Reporting error=|EIEIWREIWR×100%|.

Means and SDs of the reporting errors were calculated for subjects who completed the 4 visits and had weighed food record, diet diary, photographic food record, and CCS data available for all meals. For the training meals, the average reporting error was evaluated using the 3-fold cross-validation technique (Kohavi, 1995). Two of the training meals were used to train a CCS model and the third training meal was used to evaluate accuracy. This process was repeated 3 times, with each meal used once to evaluate the model. The results were averaged to produce a single estimation of the reporting error. For the validation meal, the CCS model was trained on the data from the three training meals and evaluated on the validation meal.

Reporting errors for CCS models, diet diaries, and photographic records were compared using a one-sided Wilcoxon-Mann-Whitney two-sample rank-sum test, which is preferred over Student’s t-test due to the potential presence of outliers in the reporting errors.
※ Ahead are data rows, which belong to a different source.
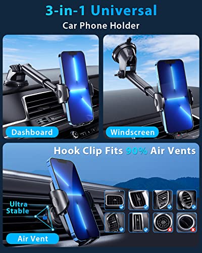 【Universal Compatibility】This universal car phone holder with adjustable feet can extend from 0″ to 0.62″, which can securely hold all smartphones (4-7 inches) even with thicker cases (≤ 0.6″). Compatible with iPhone 13 12 11 Pro Max XR XS X 8 7 SE mini, Samsung Galaxy S22 Ultra/ S21/ S20/ S10/A21/A12 Note 20, Google Pixel, Xiaomi, Redmi, Motorola, OnePlus, OPPO, Huawei, etc.
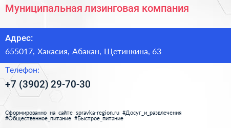 Муниципальная лизинговая компания по адресу 655017, Хакасия, Абакан, Щетинкина, 63 в дальнейшем Организация, размещена в следующих категориях:
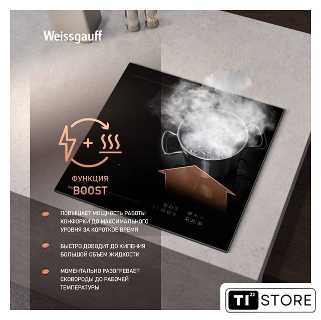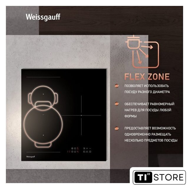 | Подробная информация о конфорках | 2 Ø 180мм - 1800Вт/Boost 2000 Вт, 1 Ø 210мм - 2300ВтBoost 2500Вт, Flex Zone - 3000ВтBoost 3600Вт |

Additionally, Bland-Altman analysis (Bland & Altman, 1999) accounting for the clustering effect of repeated measures was performed to assess the accuracy of the estimation methods for the training meals.

To evaluate the impact of physical properties of different foods on estimates of energy intake, means and SDs of MPChew and MPSwS values were calculated for 7 representative food items and compared using two-sample t-tests.

In all cases, statistical differences were considered significant at p < 0.05. R software (Version 2.15.1, The R Foundation for Statistical Computing, Vienna, Austria) was used to perform Wilcoxon-Mann-Whitney tests, whereas Matlab (R2011b, MathWorks Inc, Natick, MA) was used to perform all t-test analyses. SAS 9.3 software (SAS Institute Inc, Cary, NC, USA) was used for Bland-Altman analysis.

Results

Two subjects were excluded from the 30 subjects participating in the study, because of missing sensor data caused by equipment failure. The remaining 28 subjects had a mean (±SD) age of 29 ± 12 y (range: 19–58 y) and a mean (±SD) BMI of 28.0 ± 5.6 (range: 20.5–41.7).

Reporting errors for all methodologies are presented in Table 3. For the training meals, the average reporting error of the CCS model (based on both chews and swallows) was significantly lower than that of diet diary (p < 0.01), but not significantly different than the average error of photographic records (p = 0.16). The Bland-Altman analysis indicated that the bias in energy estimation was positive (overestimated) for the photographic method, but negative (underestimated) for diet diary and the CCS model (Table 4). Additionally, energy intake estimation of the CCS model had the lowest bias and the narrowest limit of agreement with the gold standard, weighed food method (Figure 4). For the validation meal, the reporting error of the CCS model was not significantly different from either the diet diary or photographic food records.

Table 3.

Reporting errors (in %) for energy intake estimation for training and validation meals relative to energy intake assessed from the weighed records1 (N=28). (Mean values and standard deviations)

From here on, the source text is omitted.